On what technology would you like to depend?
While I was still thinking about technology-dependence last week, I happened to read an assertion in Jonathon Lyons' The House of Wisdom (p. 32) that "Accurate timekeeping would one day free society from the dictates of sunrise and sunset and recast the day or the hour as an abstract notion distinct from daily experience." This seemed a fairly peculiar idea of freedom given that, in Lyons' own words, it resulted in "the regular ringing of monastery bells" and "the tentative beginnings of an organized social order". Did we simply exchange slavery to the Sun for slavery to the clock?
Lyons goes on to claim that timekeeping enabled people to see "the universe as something that could be measured, calculated and controlled." I assume that Lyons was thinking about the "controlled" part when he wrote about the freedom brought about clocks, even though a clock by itself obviously contributes only to the "measured" part.
Kevin Kelly's What Technology Wants makes much of the idea that technology gives us choices. Kelly has some vague idea that technology is important, and I have no clear idea of what he thinks it wants. Nonetheless, I can see the point that the invention of clocks, for example, gives us a choice between organising our days according to the Sun, or according to clocks.
I think "us", as opposed to "me", is an important word here. I like to rise with the Sun and get to work as soon as I have eaten my breakfast. But we Australians have made a social and economic agreement that shops and offices will open at 9am, or thereabouts, irrespective of what the Sun and I like to do. Being part of this society, I have to co-operate with it.

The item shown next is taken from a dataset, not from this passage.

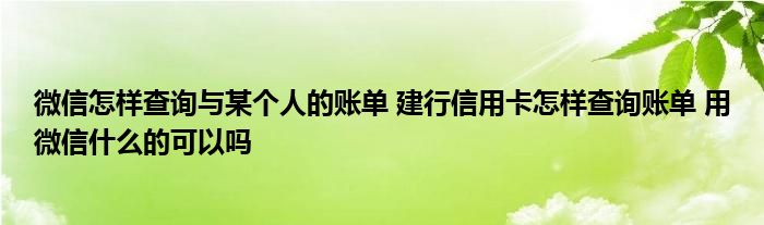 导读 大家好,小元来为大家解答问题。微信怎样查询与某个人的账单,建行信用卡怎样查询账单,用微信什么的可以吗这个很多人还不知道,现在让我们

So perhaps Lyons isn't so peculiar, given that he refers to "freeing society" and not necessarily freeing individuals. As much as modern society is dependent on clocks, electricity, telephones and the rest, we at least arguably chose to depend on those technologies rather than the Sun, human muscle and smoke signals. So long as society chooses its technologies, rather than let its technologies choose it, society's freedom seems to be intact.